What is Hashing?

January 30, 2018

Hashing is a cryptographic technique that takes a piece of data and translates it into a unique “fingerprint” (or “bit-string”). The resulting value that is generated – a representative image of the original message – is referred to as a “digital fingerprint”, “message digest” or a “hash value”.

Different scenarios require different cryptographic techniques. For example, to ensure confidentiality, an encryption method is used that enables one to reconstruct an original message with the knowledge of the appropriate key*. A cryptographic hash, however, is used to allow for a quick comparison of large data sets and to verify that that data has not been altered.

While some encryption techniques – such as the confidentiality example above – are reversible, a cryptographic hash is a one-way function and therefore impossible to invert. So, even if someone knows the hash value of the data, he/she is unable to know the original message. Only the person who knows the original data can prove that the hash value was created from the original piece of data, thus ensuring that it has not been altered from its original form.

The only way to recreate the input (original) data from a hash function’s output is to try a large number of potential inputs to see if they produce a match. If two inputs result in the same output, then a collision** has occurred. While it ideally should be impossible to find two different messages whose hash values are similar, collision resistance doesn’t necessarily mean that no collisions exist, but rather that they are very difficult to find.

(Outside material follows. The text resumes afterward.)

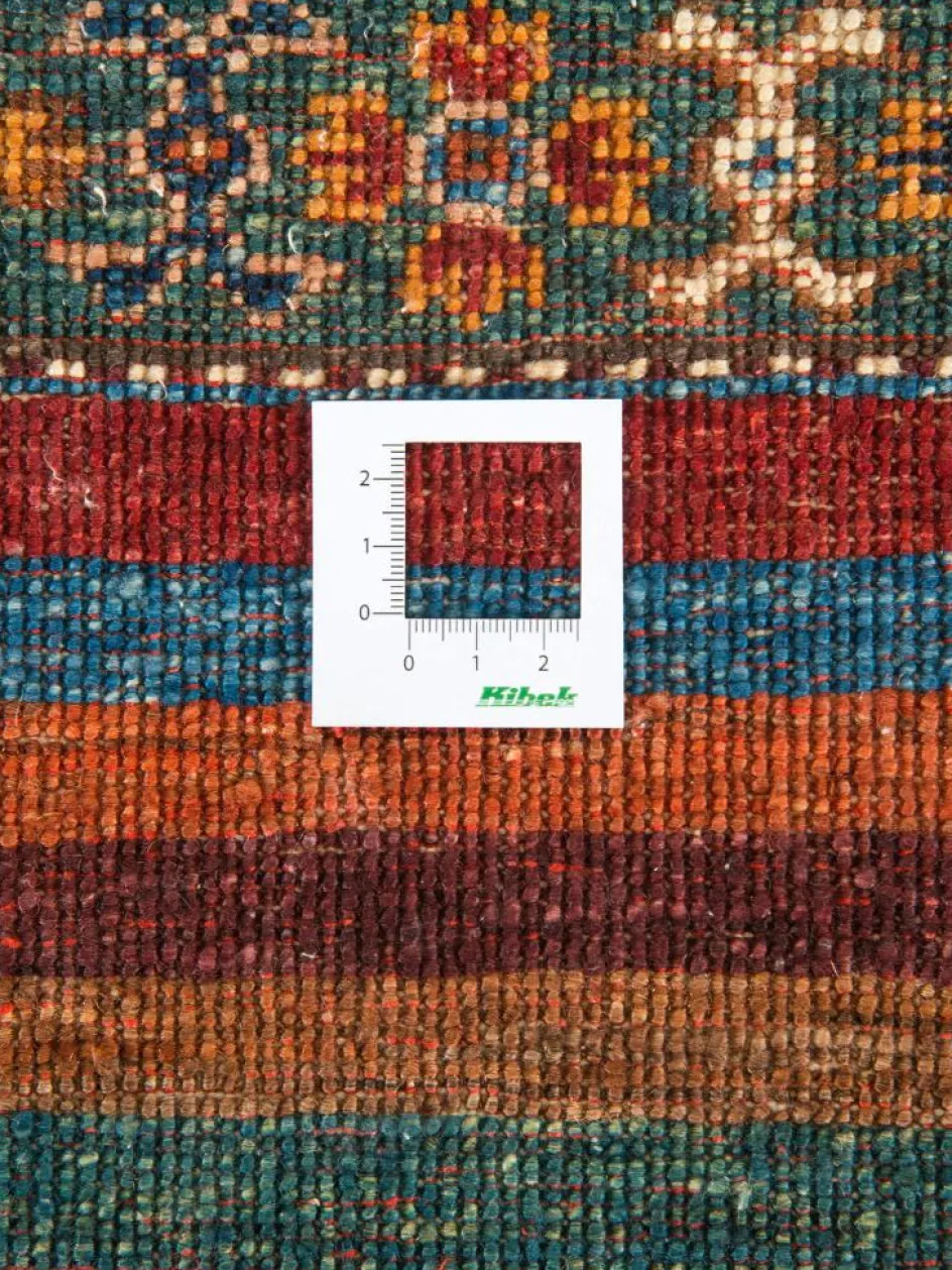 -Muster sind bunte Längsstreifen mit vielen verschiedenen Motiven gefüllt. Durch den flachen und festen Flor ist der Teppich unempfindlich gegenüber den Belastungen des Alltags.- Das Besondere an diesemOrientteppich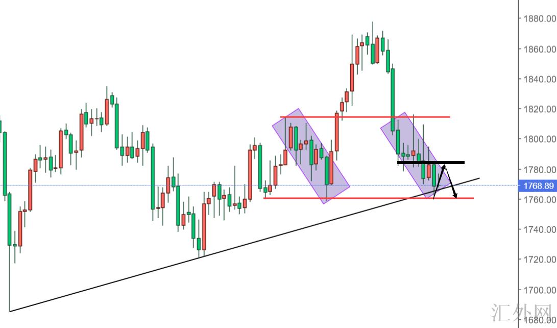 但你别忘了,就算1808的反跌耀眼,那也是由于市场押注鸽派情绪失利致使的,而后续几天尽管没再痛跌,但任然保持着每天震荡下挫20美金附近的区域运行,你不应当在这时候对黄金价格受挫,由于市场是公平的,你要知道1760对于买方们来讲是多么重要的一个关键点位。

*Public/private key cryptography is an encryption method whereby one can encrypt data with the recipient’s public key and the recipient can then decrypt it using their private key (or vice versa, depending on the objective).

 **An example is a SHA-256 collision. A SHA-256 hash function produces 256 bits of output from a larger set of inputs. Thus, some inputs will necessarily hash to the same output. If a hacker finds a collision, he/she can use it to substitute an authorized message with an unauthorized one.